Building the Green Infrastructure of East County
Long before "sustainability" was a common word in civic planning, the enterprise that Lucia and Monte Albers helped build was already doing the unglamorous, essential work of keeping East Contra Costa County's waste out of landfills and its recyclables in circulation. Garaventa Enterprises — rooted in a 1930s one-horse-and-buggy collection route founded by the Garaventa family in Concord — grew under the stewardship of its family principals into one of Northern California's most significant locally-owned recycling and resource recovery operations.
By the 1990s, the company had constructed a state-of-the-art Material Recovery Facility at 1300 Loveridge Road in Pittsburg — a 40-acre industrial campus that would become the processing hub for recyclables from hundreds of thousands of East County residents. Municipal franchise agreements with Concord, Pittsburg, Brentwood, Oakley, Discovery Bay, and unincorporated communities gave the company the scale to invest in infrastructure that smaller operations could never have sustained.
In 2013, when Contra Costa County put its garbage and recycling franchise up for competitive bid in what the Mercury News described as a potential $1 billion deal, Garaventa prevailed over national competitor Republic Services — a testament to the trust the company had built with county government through decades of reliable, locally-rooted service.

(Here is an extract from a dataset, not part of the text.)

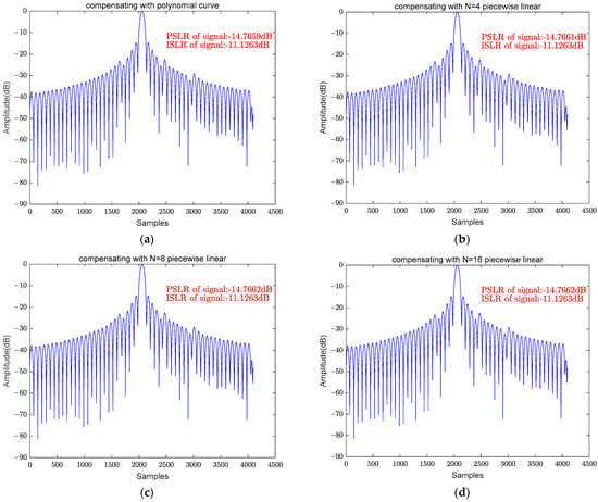 After acquiring various approximation curves and offsetting the phase errors in the signal, the compensation effects of different curves could be determined. The results of pulse compensation are depicted in Figure 10. As shown in Figure 10a, when compensated with the polynomial curve, the PSLR was −14.7659 dB and the ISLR was −11.1263 dB. As depicted in Figure 10b, when compensation was applied using an = 4 piecewise linear curve, the PSLR was −14.7661 dB and the ISLR remained at −11.1263 dB. Similarly, in Figure 10c,d, it can be seen that compensating with = 8 and = 16 piecewise linear curves both yielded a PSLR of −14.7662 dB and an ISLR of −11.1263 dB. Given the nearly identical results of these compensated signals, it can be concluded that the application of piecewise linear curves with different values achieves the same effect as the polynomial curve.

And in 2015, when Republic challenged the county's decision to route construction debris to Garaventa's recycling center, the Board of Supervisors voted 3-2 to stand by the local company.
In 2017, Garaventa rebranded as Mt. Diablo Resource Recovery to better reflect its environmental mission — a name change that captured something Lucia and Monte Albers had understood from the beginning: that building a community means taking responsibility for what it produces and what it discards.
Impact & Legacy
Today Mt. Diablo Resource Recovery serves over 300,000 residents across five jurisdictions in Contra Costa and Solano Counties, operating one of the region's most advanced recycling and resource recovery systems. The environmental infrastructure the Albers family helped build — from the Pittsburg MRF to the organics processing facility to the 140-truck fleet — is the invisible backbone of East County's sustainability efforts, diverting millions of pounds of material from landfills every year.